If they never have that opportunity, they’re left to covet what they see—and some alternatives may not be the best. Sport and music provide hope that perhaps tomorrow will be better.

You wrote a piece entitled "More than Black Girl Magic" from your observations of the Rio Olympic Games. Share those observations with us.

Again, it’s in the vein of elevating the field. It was an opportunity for me to reflect, as an African-American woman and as the leader of a youth sports organization my reflections on the Rio Olympic Games. While we have experienced tremendous gains since Title IX, leveling the field for girls and women still remains a challenge. It is an area that LA84 has worked and will continue to elevate our voice and our work.

There were a lot of news stories about the performance of African-American women in the Olympic Games, which was nothing short of extraordinary. African-American female athletes won 15 gold medals—that would be sixth in the nation totals.

However, I wanted to shine a bigger light on the successes of women, in a collective sense, from the US. It was the second consecutive Olympics in which women won the most US medals. So I wanted to expand the celebration from just African-American women to women as a whole—but I also wanted to highlight the work that we still have to do.

In the piece, I say that we have to talk more about #browngirlsmatter. While there was some representation of our Latina sisters in the Games, it’s reflected in the work LA84 does all the way to the collegiate and Olympic level that there are not a lot of athletes who are Latina. What can we do to create opportunities so that all girls, regardless of where they come from, have the opportunity to experience the power of sport.

You’re speaking October 27 at the Fifth Annual LA84 Foundation Summit. Give our readers a brief on how you intend to build on LA84's legacy.

It’s about the rebranding of LA84 and the work that we’re going to do going forward. Our hashtag is #playingforward.

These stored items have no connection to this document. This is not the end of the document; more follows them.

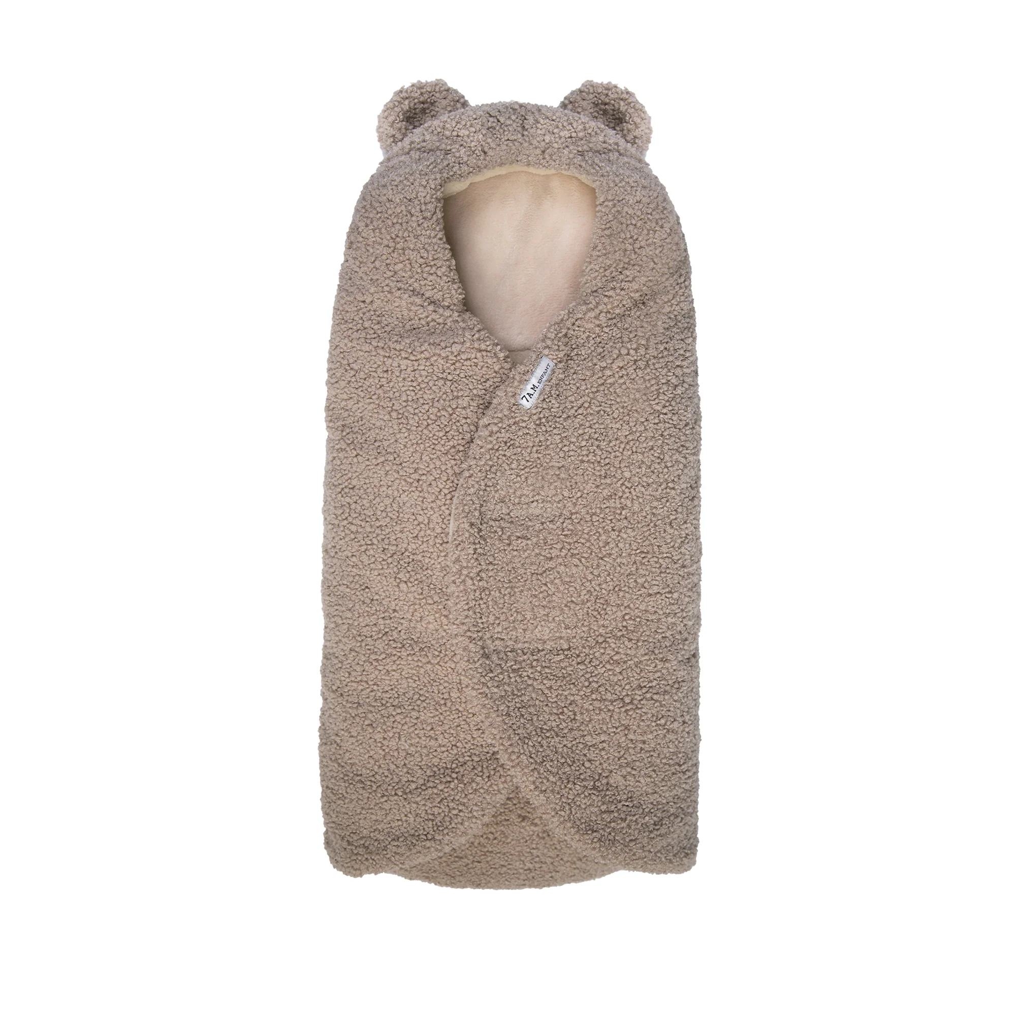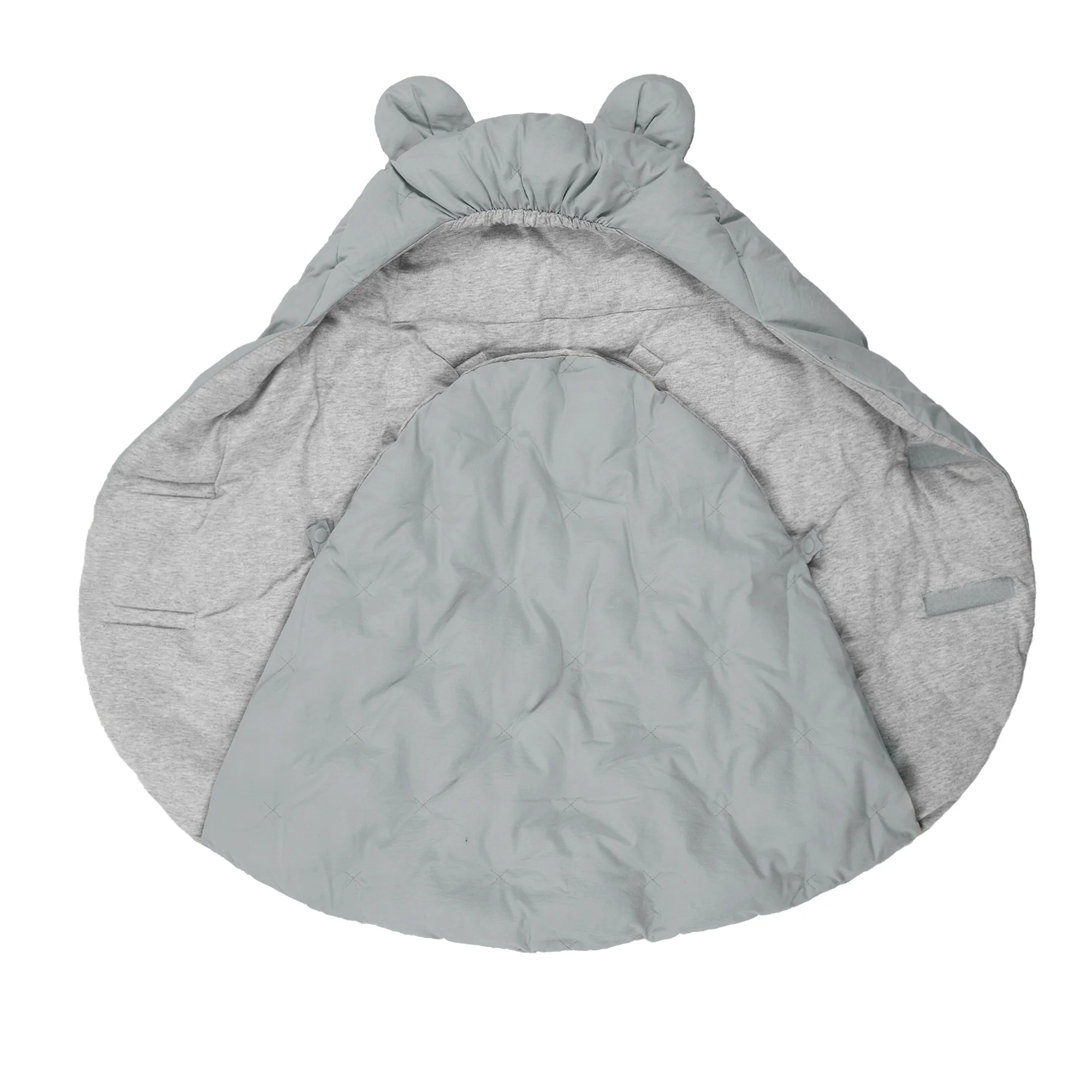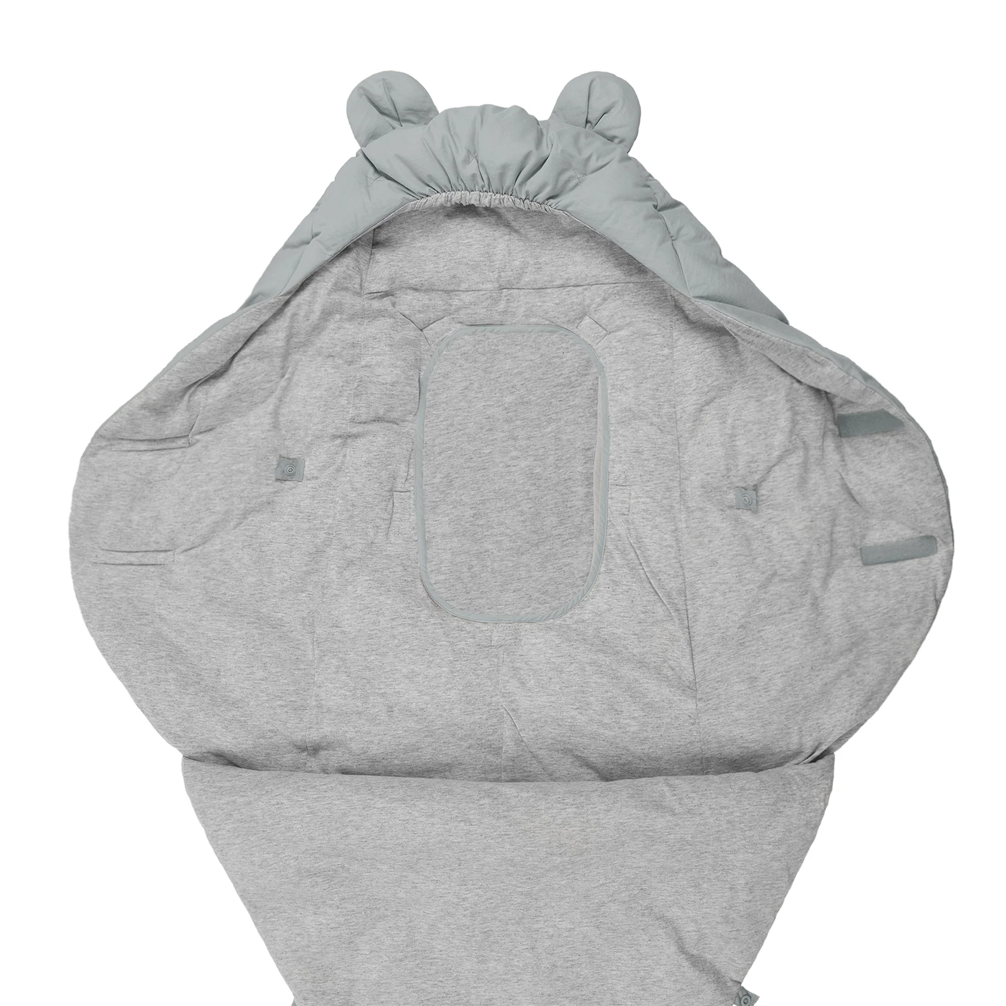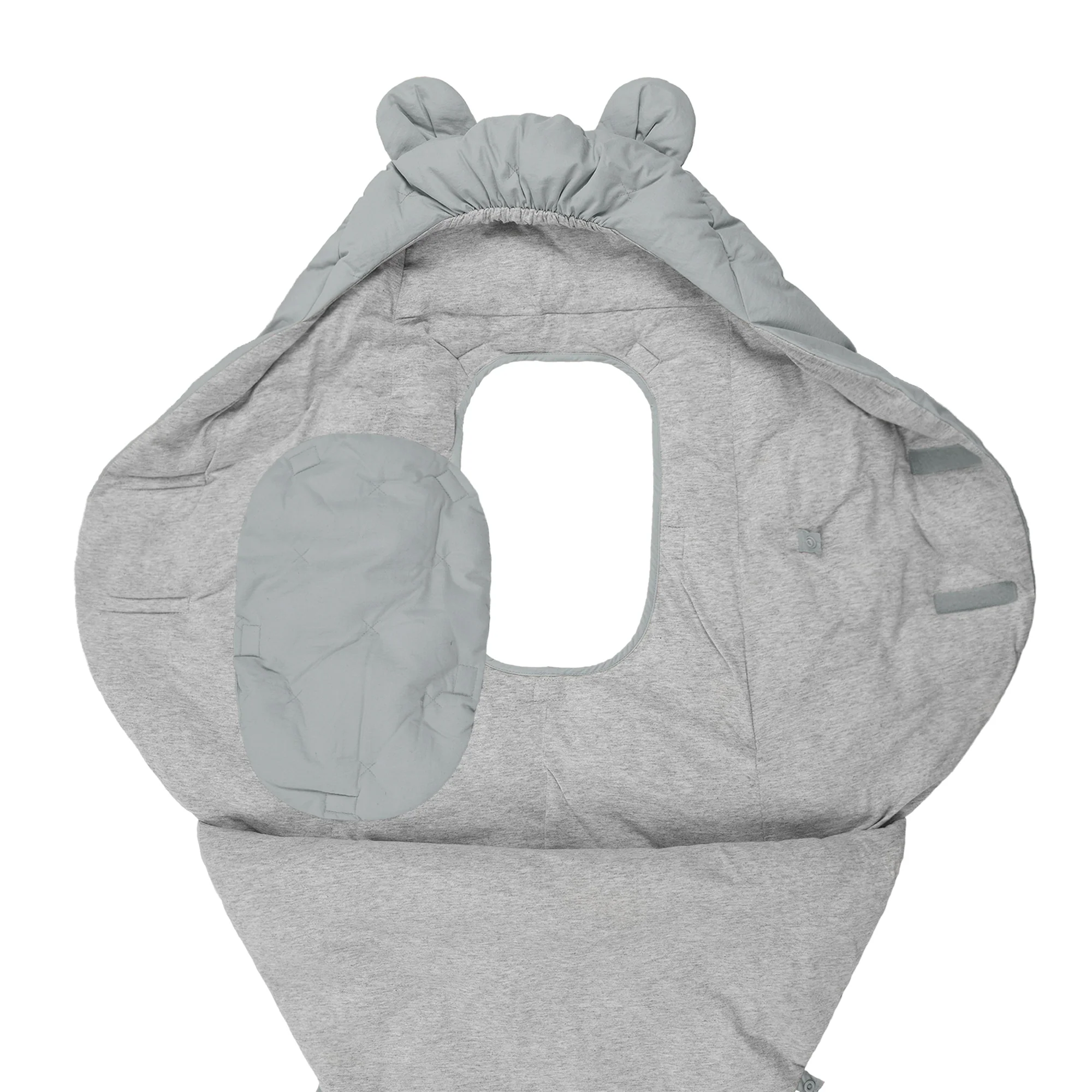 Like a nest, the 7AM Enfant Nido Bebe Infant Wrap is designed as an easy, safe, and cozy sweatshirt-like wrap for baby's first 6 months. The 3 folding flaps and uni-leg muff replace the need for over-bundling.
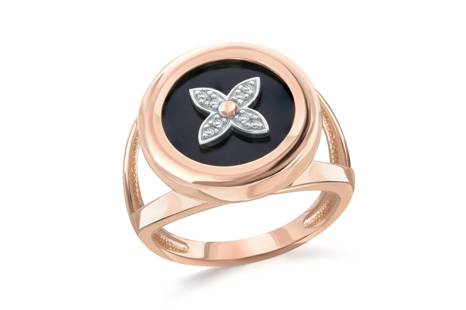 Закажите Кольцо Цветок из красного золота с ониксом и 8 фианитами с получением в Москве через курьерскую службу доставки напрямую с нашего производственного склада завода NEWGOLD!
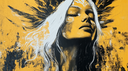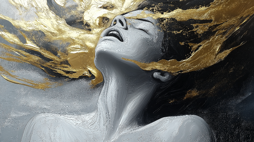 WonderMuralEz a lenyűgöző falfestmény egy éterikus arcot ábrázol, amelyet szürke árnyalatok és arany kiemelések fürdetnek. Gyönyörűen texturált, kifinomult és...

We will reflect on the legacy and impact we’ve had over the last 30 years, and how we’re going to play that work forward in terms of priority areas. the LA84 Foundation will shifts the emphasis of its community investment, advocacy, research and convening powers focused on efforts to level and elevate the field of youth sport. The foundation will continue to help fund youth sports programs, but will place a greater emphasis on the wide range of positive academic, social and health outcomes associated with youth sport participation and to bring together partners and thought leaders to more fully expand the scale and impact of our work. The goal is to fully leverage the transformative power of youth sports to positive life benefits and community development. As the foundation moves in this new direction it will strengthen its commitment to underserved populations and will focus on increasing participation for all young people, particularly school-based sports programs;  girls and girls leadership opportunities; as well as expanding opportunities for youth with intellectual and physical disabilities.

The event will also bring together civic leaders, sports organizations and foundations to discuss best practices across the country and what role can other funders or engaged minds come together to do around those priorities.

One big announcement that we’re most excited about is that we’re going to reveal the results of the first-ever Youth Participation Survey in Los Angeles County. Until now, there have been national-level sports participation surveys, but never one that looks at youth sports in Los Angeles.

This will help to inform us about who's participating, who’s not participating, where they’re participating, how they’re participating, what sports they want to participate in that may not be offered, and more. We will be sharing these results with civic leaders, foundations, and sports programs to help all of us better inform our work, our focus areas, and our investments.